So Sue Me
The intersection between law and psychology
The Real Reason Why We Divorce
The history of divorce is also the history of romance.
The truth is this: Not only did the development of romantic love coincide with the development of available divorce, it was the trigger. This juicy part of societal history has been widely overlooked.
Let's start from the beginning: From 0 A.D. to the 1600s—that is, 1,600 years—divorce was not available to married couples. The Catholic Church influenced and controlled marriages. With only a few exceptions, marriage was permanent, regardless of abuse, fault, irreconcilable differences, or anything else short of death. This permanent marriage was not based on ideas of romantic love, but on much more practical matters, such as reliably keeping land in the family, and keeping status stable.[1]
Indeed, romantic love was not encouraged, and was even frowned upon, between married couples. Up to the 18thcentury, “it was generally held that passionate sexual love between spouses within marriage was not only independent, but positively sinful.”[2]

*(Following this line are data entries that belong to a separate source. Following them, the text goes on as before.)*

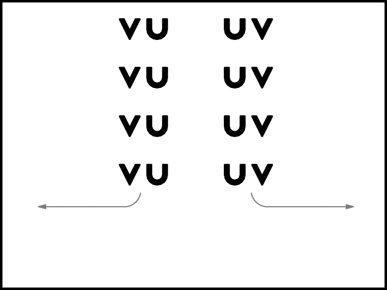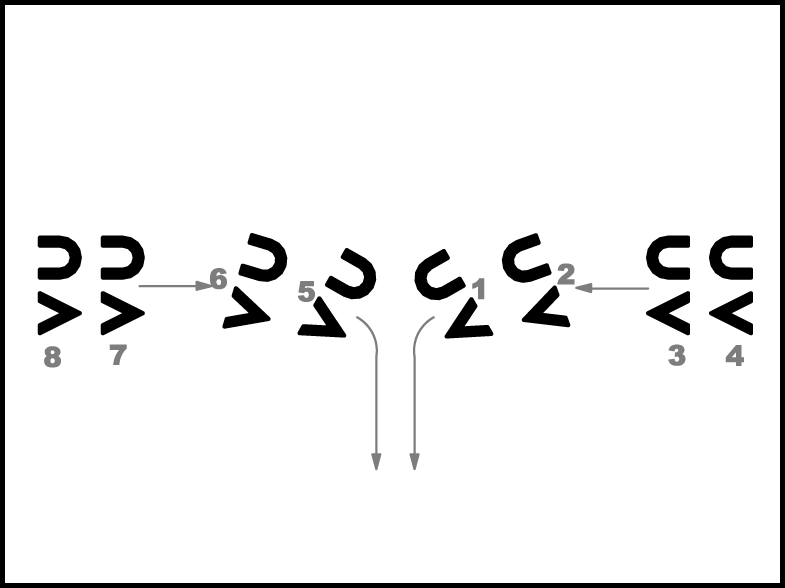 Visi iet 4 gājiena soļus uz priekšu. 1., 2. pāris kolonnā iet uz labo pusi, 5., 6. pāris kolonnā iet uz kreiso pusi. 3., 4. pāris un 7., 8. pāris veido divpāru kolonnu skatuves vidū (5.zīm.).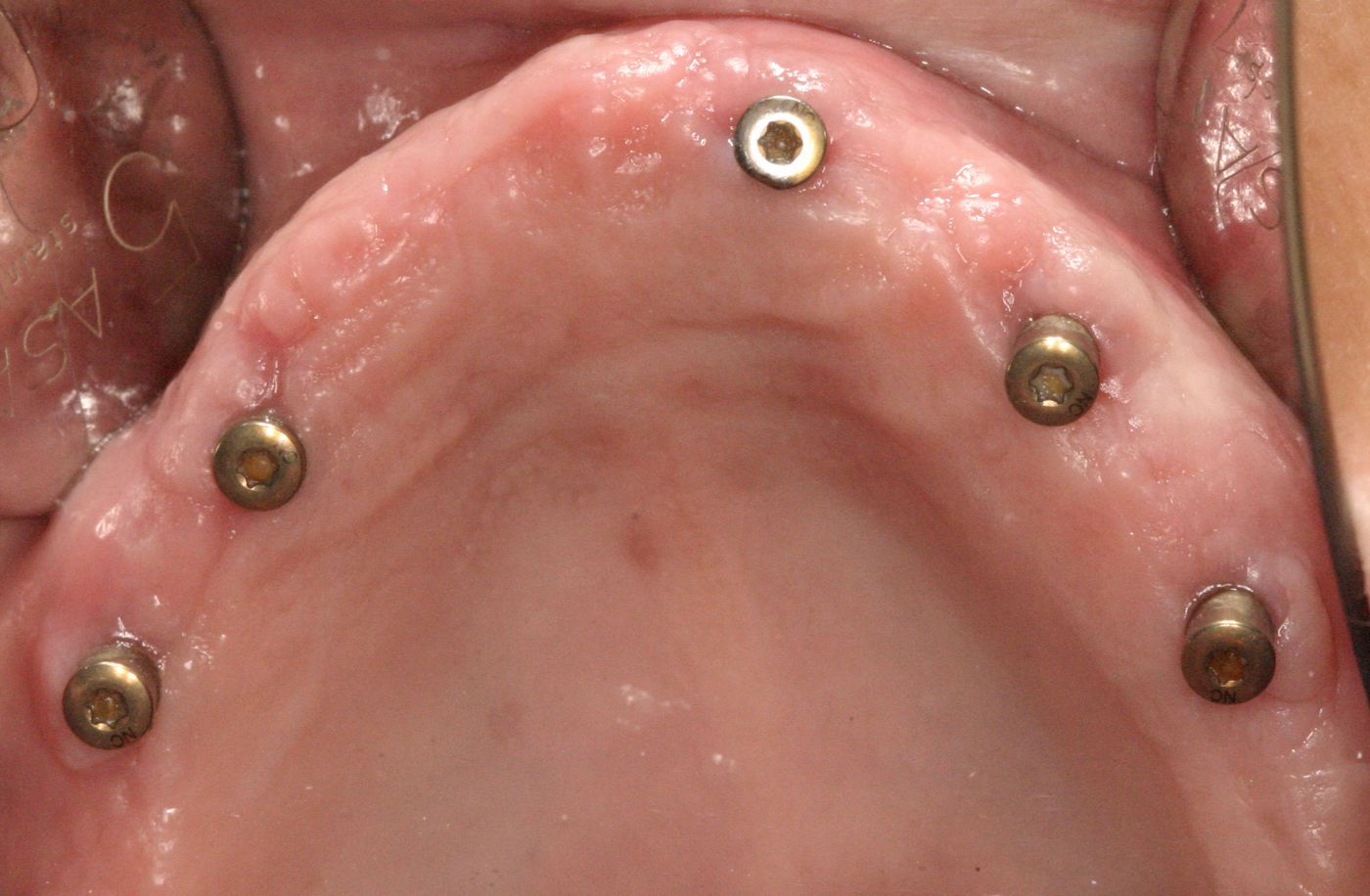 An overdenture prosthesis with retentive bar was designed by Javier Ortolá. This had three metal support points with friction retention and two metal retainers (Figs. 11, 13). This type of prosthesis provides excellent stability and never loosens, in contrast with classical bars with plastic retentions. It functions like a hybrid fixed prosthesis, with the advantage that the patient can easily remove and clean the bar and the prosthesis, which is better for the maintenance of the implants and peri-implant health.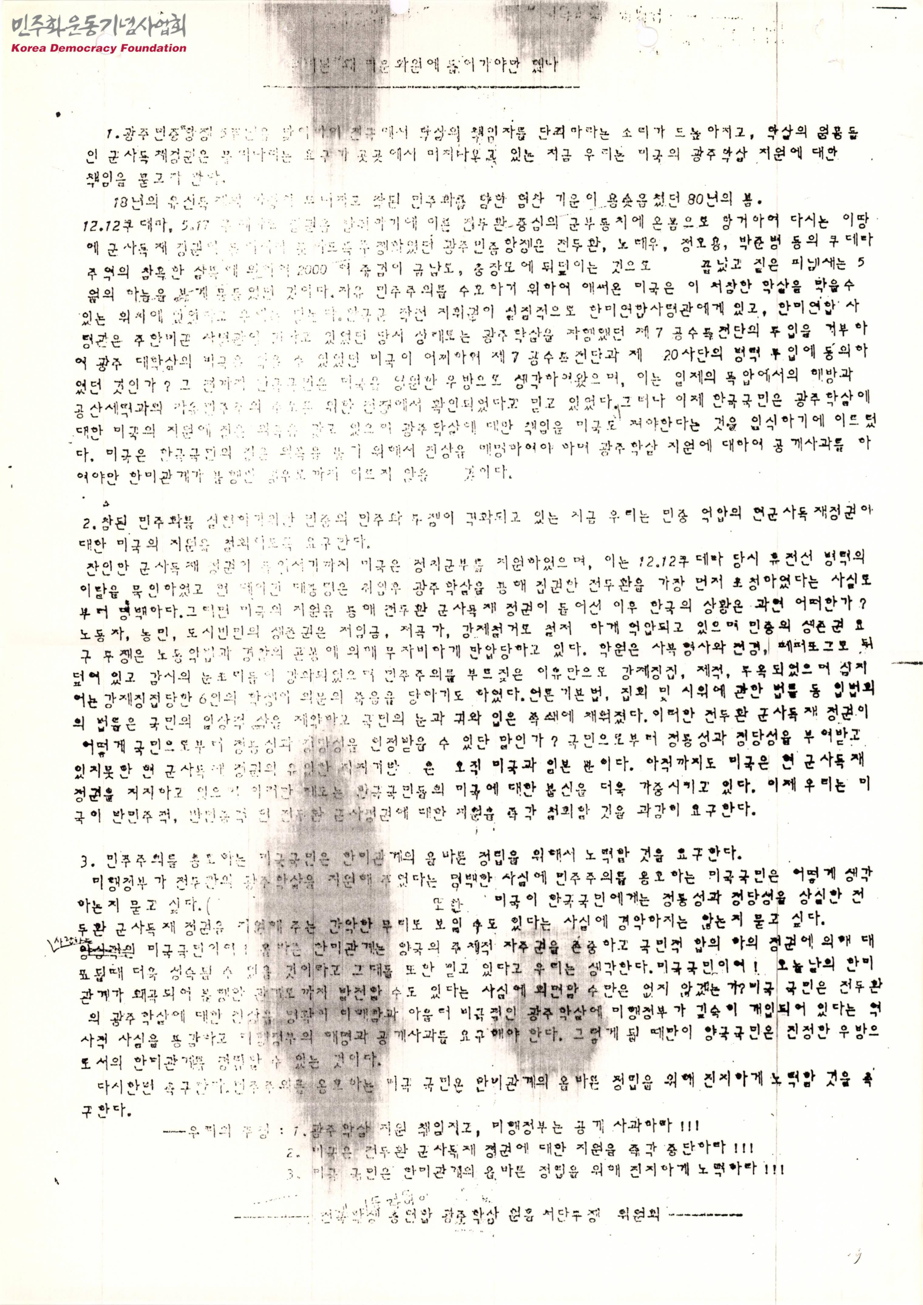 - 광주민주항쟁 5주년을 맞아 전국에서 학살의 책임자를 단죄하라는 소리가 드높아졌으며, 학살의 원흉인 군사독재정권은 물러나라는 요구가 빗발치는 가운데 그 책임을 묻는다는 내용과 함께 광주학살 지원을 책임지고 미국 국민은 한미관계의 올바른 정립을 위해 진지하게 노력하라는 내용 등이 적힌 문서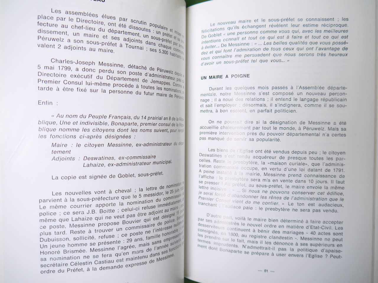 L’histoire de Péruwelz pendant la période « Liberté-Egalité ». Un tome 3 a également paru, consacré aux années 1830-1920.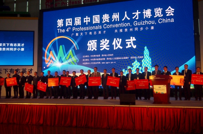 開幕式上,與會領導和嘉賓為入選2015年度貴州省“百千萬人才引進計劃”的“百人領軍人才”和“千人創新創業人才”頒發證書和獎金,個人最高獎勵100萬元,體現貴州省對高層次人才的尊敬與重視。同時,還集中簽約了20個引進的高層次人才及項目。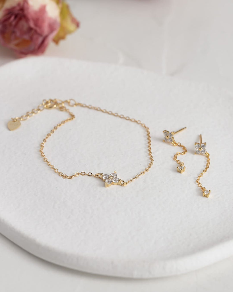 【S925/18KGP】フィーネチェーンピアスと【S925/14KGP】シャインフルールブレスレット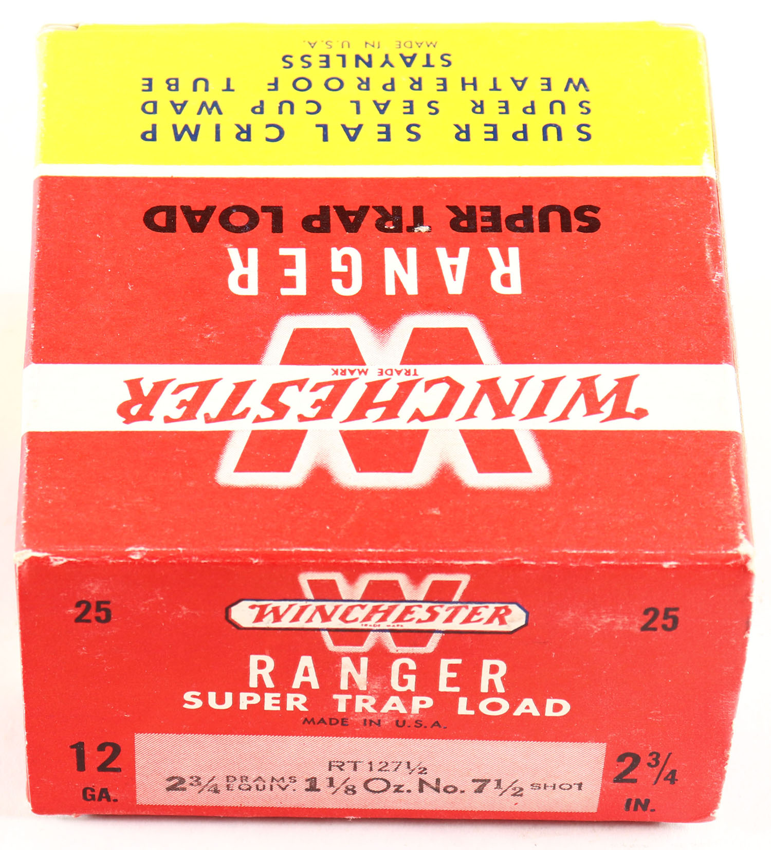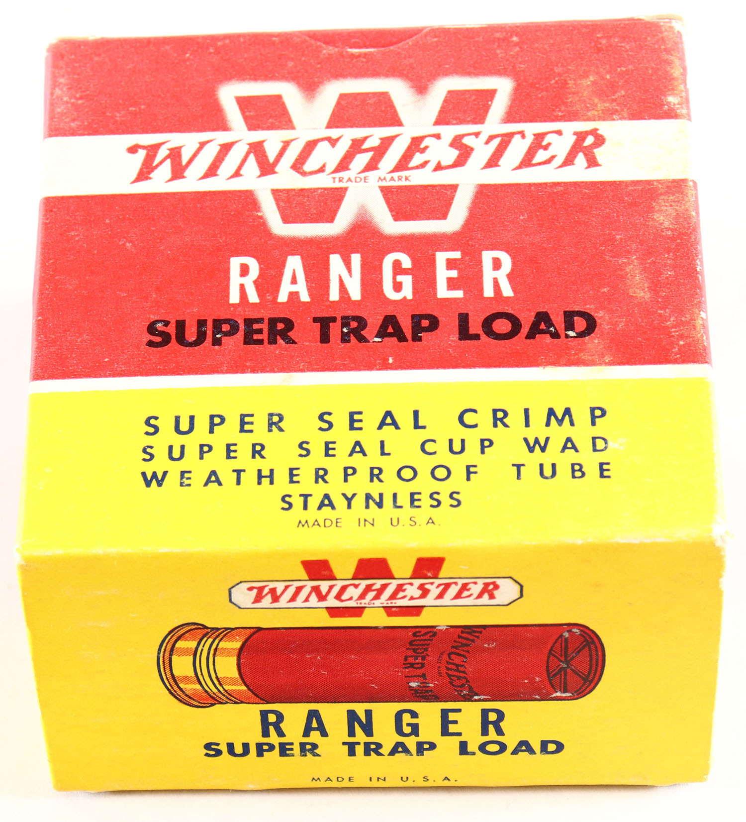 Winchester, Ranger Super Trap Load, 12ga., 1pc., Full, shot size 7 1/2, red, white & yellow box, Box is very solid with very nice colors, shells are excellent. Grade: Excellent ++ - Value: 10 to 30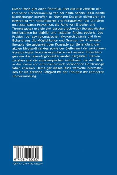 Dieser Band gibt einen Überblick über aktuelle Aspekte der koronaren Herzkrankheit, von der heute nahezu jeder 2. Bundesbürger betroffen ist. Namhafte Experten diskutieren die Bewertung von Risikofaktoren und Perspektiven der primären und sekundären Prävention, die Rolle von Endothel und Thrombozyten und die sich daraus ergebenden therapeutischen Implikationen bei stabiler und instabiler Angina pectoris. Das Problem der asymptomatischen Myokardischämie und ihrer Behandlung, die Möglichkeiten und Grenzen der Pharmakotherapie, die gegenwärtigen Konzepte zur Behandlung des akuten Myokardinfarktes sowie der Stellenwert der PTCA und neuerer Entwicklungen wie die Laser-Angioplastie werden dargestellt. Hervorzuheben sind die angioskopischen Aufnahmen, die den Blick in das Innere von arteriosklerotisch veränderten Herzkranzgefäßen erlauben. Damit gibt dieses Buch wertvolle Informationen für die ärztliche Tätigkeit bei der Therapie der koronaren Herzkrankheit.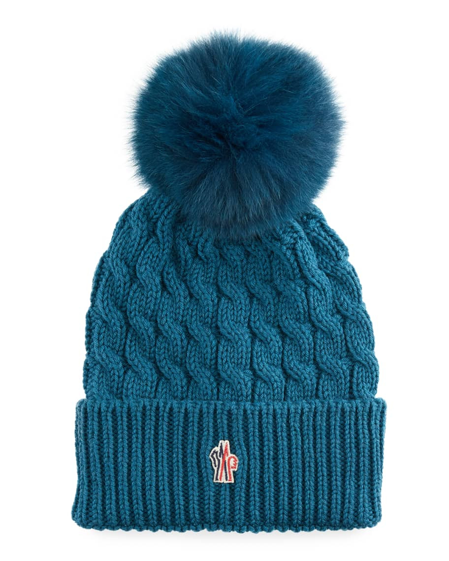 Moncler Wool Cable-Knit Fur Pom Beanie

If divorce was unavailable for 1,600 years, how did it become so widespread (relatively) recently? The Church became less influential, and the importance of family land became less crucial. But the more important—and interesting—factor is that Western concepts of romantic love began to arise in the 1800s. Enlightenment thinkers in their salons, and romance novelists in their publications, began pushing married love as a credible idea. After women began reading these books and listening to these ideas, it began occurring to them that they should marry for love rather than convenience—a novel concept at the time.[3]
However, once romantic love entered the equation, eternal marriage became psychologically inconsistent. Romantic feelings are emotional. And emotional feelings change over time. Therefore, a marriage built on romantic feelings could not be indissoluble. Because “human emotions need not remain eternally constant…divorce became practically possible.”[4]
In sum, it is ironic that today, many of the people who advocate against easy divorce do so with the idea that they are defending romantic love—because it was the very emergence of romantic love that triggered the availability of divorce. Marriage based on other factors like religion, land, and family obligations were much more stable bases for marriage than emotional love.
So the next time you hear someone complaining about the frequency of divorce in America, blame it on love.
[1] William Blackstone, Commentaries on the Laws of England, Vol. 282 (Herbert Broom & Edward A. Hadley ed., John D. Parsons Law Book Publisher 1875) (1765).
[2] Lawrence Stone, The Past and Present Revisited 347 (Routledge 2d ed. 1988) (quoting St. Jerome, quoting Seneca).
[3] Stephanie Coontz, Marriage (2005).
[4] Margaret F. Brinig & Steven M. Crafton, Marriage and Opportunism, 23 J. Legal Stud. 869, 875 (1994).